Source data
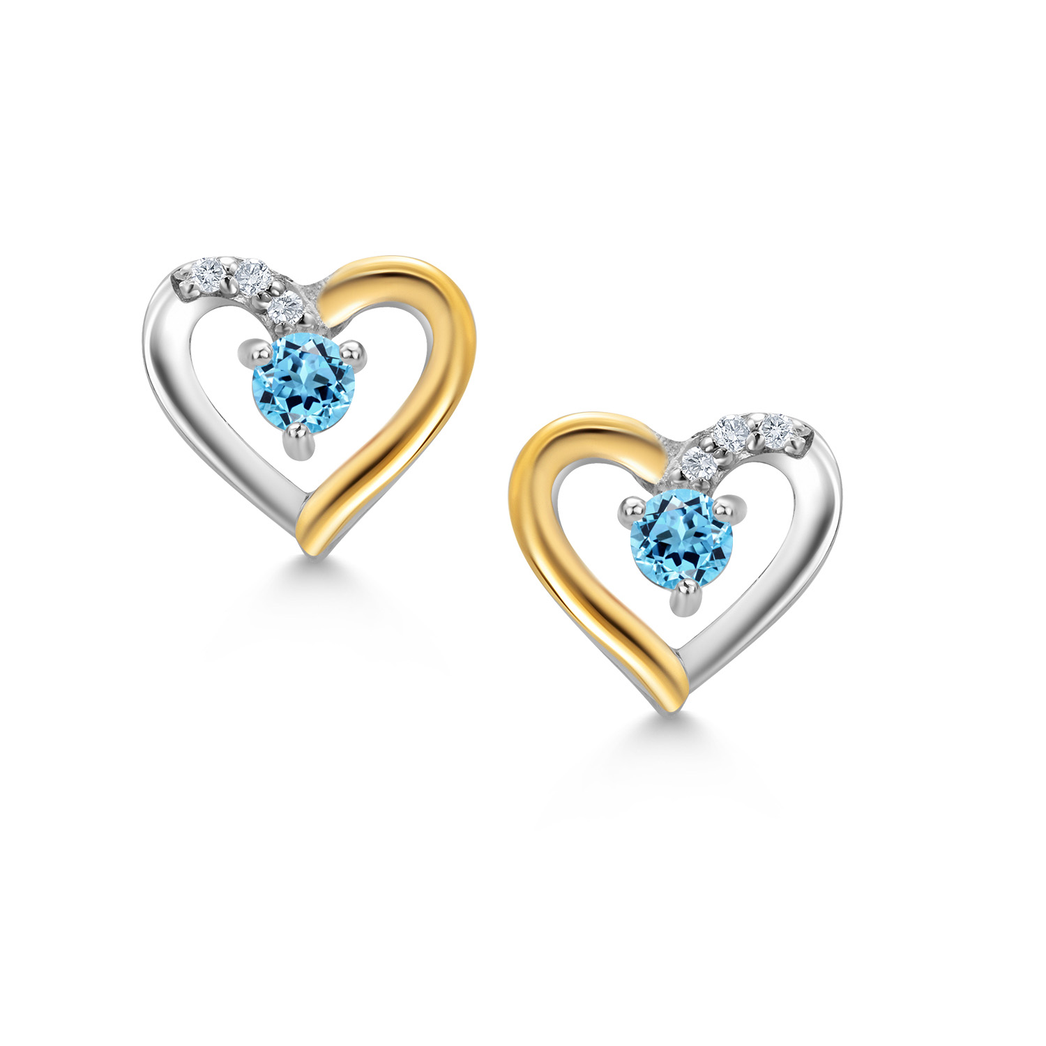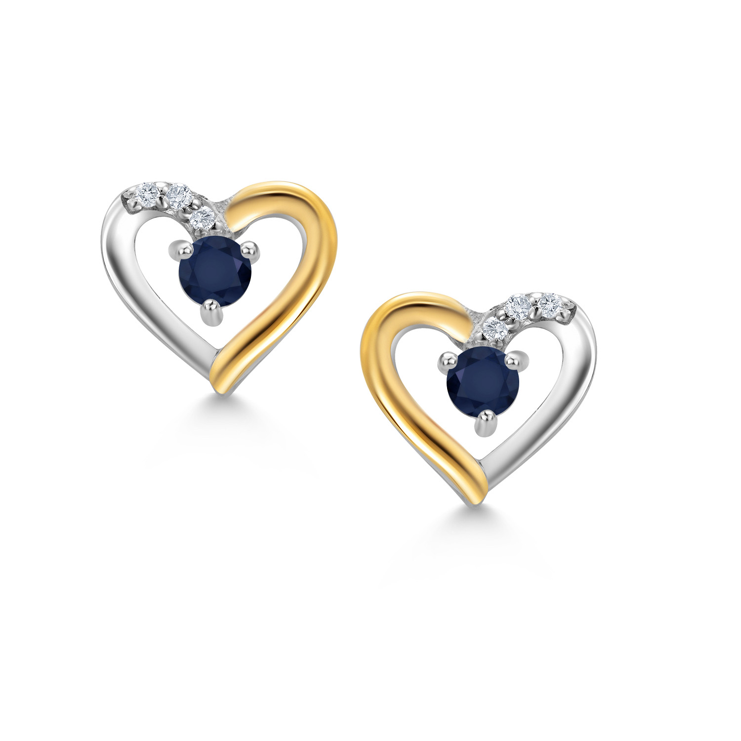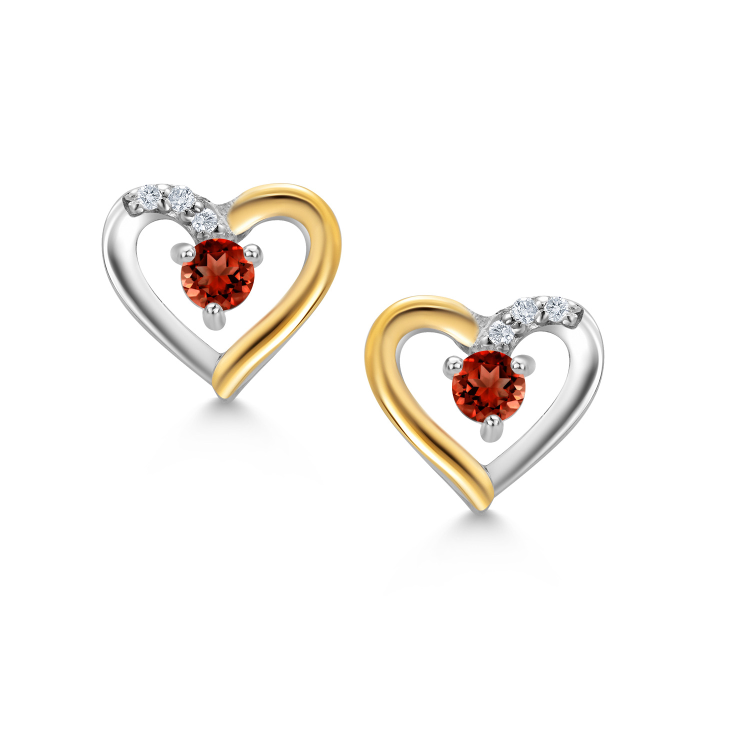 Heart Shape Earrings For Women | Round Gemstone Birthstone and White Lab Grown Diamond | 925 Sterling Silver and 10K Yellow Gold | Fine Jewelry Gifts for Her Mom Women Wife
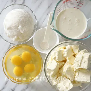 Cream cheese, heavy cream, and eggs have to be at room temperature. This extra step helps your ingredients to coalesce beautifully into a smooth, lump-free, clump-free cheesecake batter.
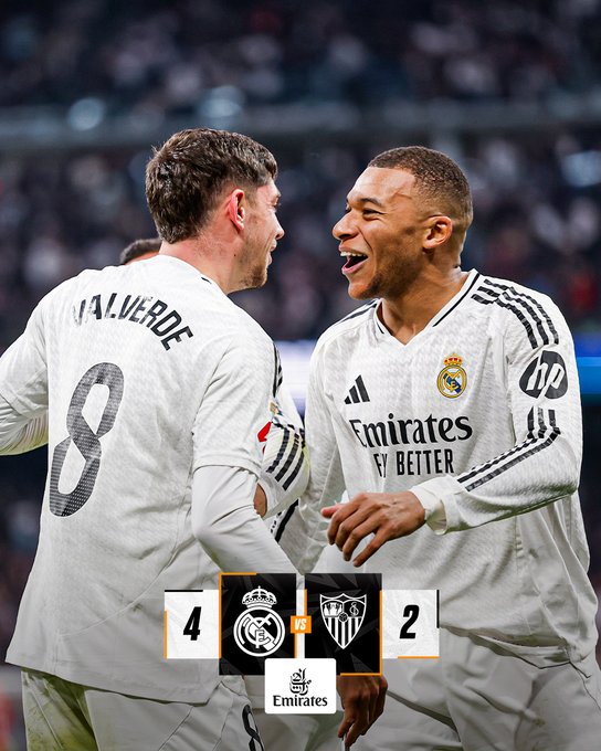 🏁 @RealMadrid 4-2 @SevillaFC ⚽ 10' @KMbappe ⚽ 20' @fedeevalverde ⚽ 34' @RodrygoGoes ⚽ 35' Isaac ⚽ 53' @Brahim ⚽ 85' Lukébakio #RealMadridSevillaFC | @Emirates
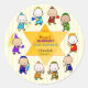 Approprié pour tout séjour juif (sauf les jours rapides comme Yom Kippour), ce design présente une grande étoile de David avec les noms de plusieurs jours juifs dans le centre. Autour de l'Etoile sont stylisés, enfants colorés dans le vêtement de vacances approprié. Festif et amusant.
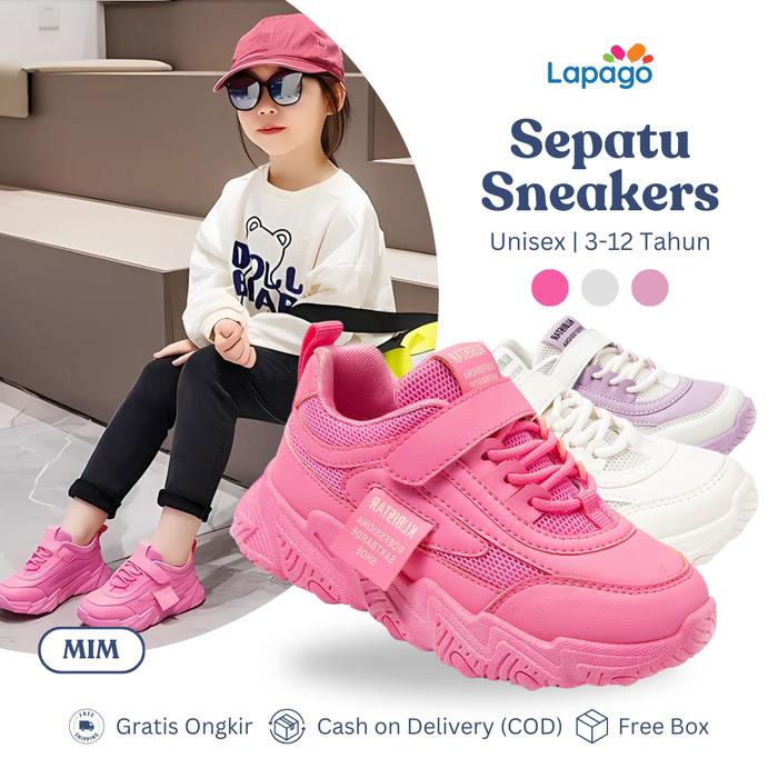DP 0 LAPAGO SEPATU SNEAKER CASUAL ANAK LAKI LAKI PEREMPUAN MODEL USIA 3 12 TAHUN TYPE MIM MIM PINK, 27
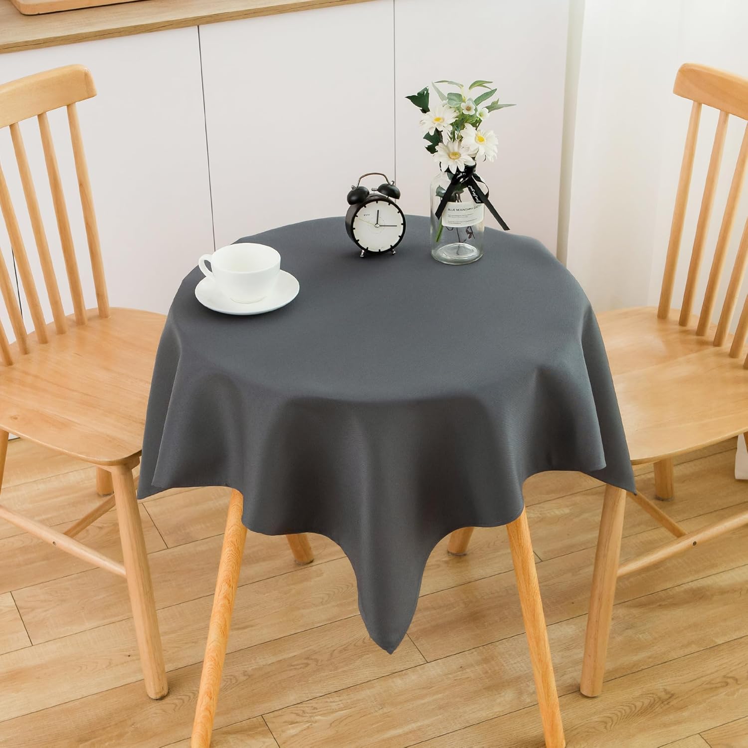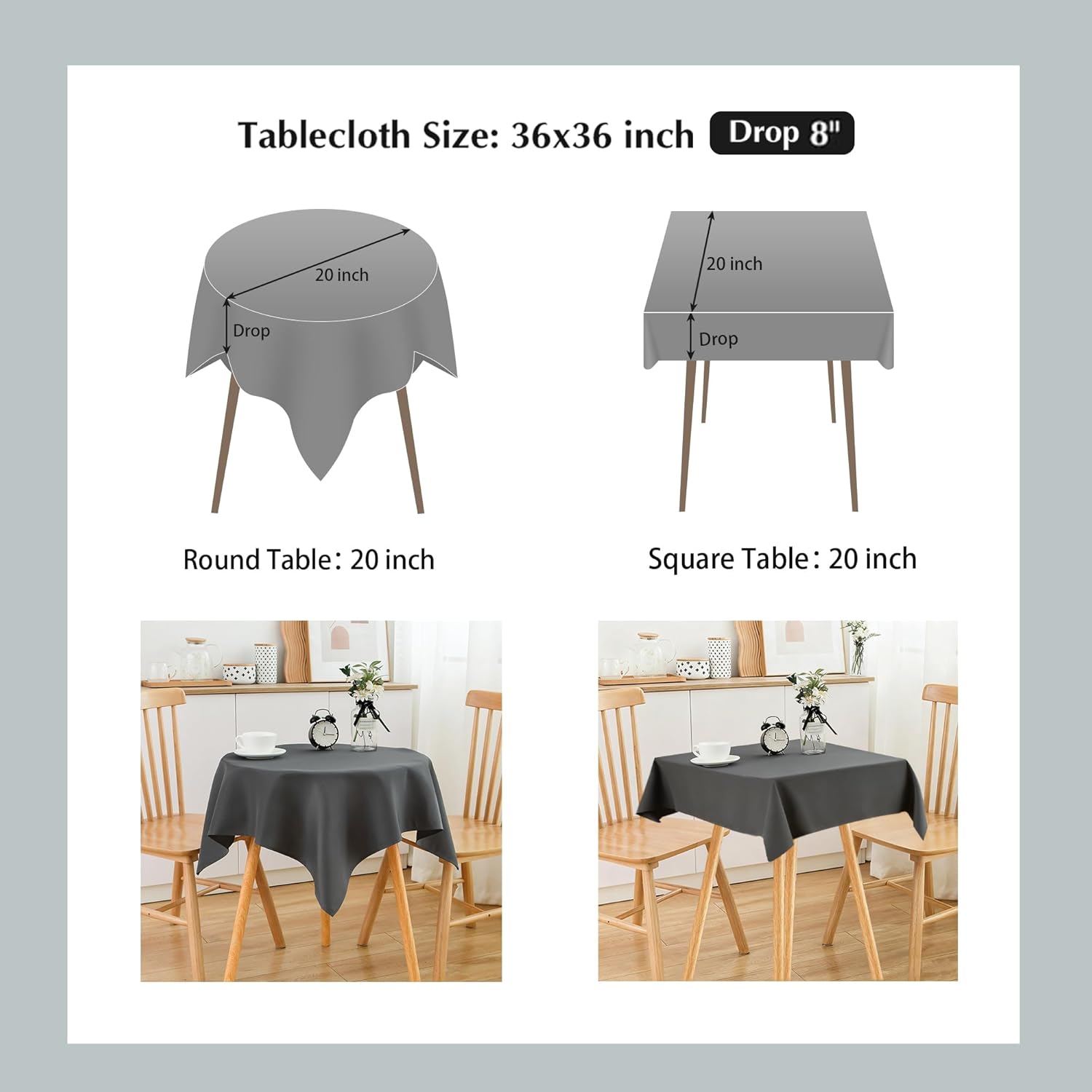 • Size Guide: Each package contains 2 PCS tablecloths. Each small square grey tablecloth is 36X36 inches, recommended for small square tables from 20 X 20 inches to 28 X 28 inches, such as end tables, coffee tables, tea tables, beside tables, foldable tables, nightstands, flower stands and so on, with a droop length about 4 inches to 8 inches. There may be a slight deviation due to manual tailoring

*BRIEF:* All of the data above needs to be given again exactly. Leave out each image.

*SOLUTION BELOW:*
 Heart Shape Earrings For Women | Round Gemstone Birthstone and White Lab Grown Diamond | 925 Sterling Silver and 10K Yellow Gold | Fine Jewelry Gifts for Her Mom Women Wife
 Cream cheese, heavy cream, and eggs have to be at room temperature. This extra step helps your ingredients to coalesce beautifully into a smooth, lump-free, clump-free cheesecake batter.
 🏁 @RealMadrid 4-2 @SevillaFC ⚽ 10' @KMbappe ⚽ 20' @fedeevalverde ⚽ 34' @RodrygoGoes ⚽ 35' Isaac ⚽ 53' @Brahim ⚽ 85' Lukébakio #RealMadridSevillaFC | @Emirates
 Approprié pour tout séjour juif (sauf les jours rapides comme Yom Kippour), ce design présente une grande étoile de David avec les noms de plusieurs jours juifs dans le centre. Autour de l'Etoile sont stylisés, enfants colorés dans le vêtement de vacances approprié. Festif et amusant.
DP 0 LAPAGO SEPATU SNEAKER CASUAL ANAK LAKI LAKI PEREMPUAN MODEL USIA 3 12 TAHUN TYPE MIM MIM PINK, 27
 • Size Guide: Each package contains 2 PCS tablecloths. Each small square grey tablecloth is 36X36 inches, recommended for small square tables from 20 X 20 inches to 28 X 28 inches, such as end tables, coffee tables, tea tables, beside tables, foldable tables, nightstands, flower stands and so on, with a droop length about 4 inches to 8 inches. There may be a slight deviation due to manual tailoring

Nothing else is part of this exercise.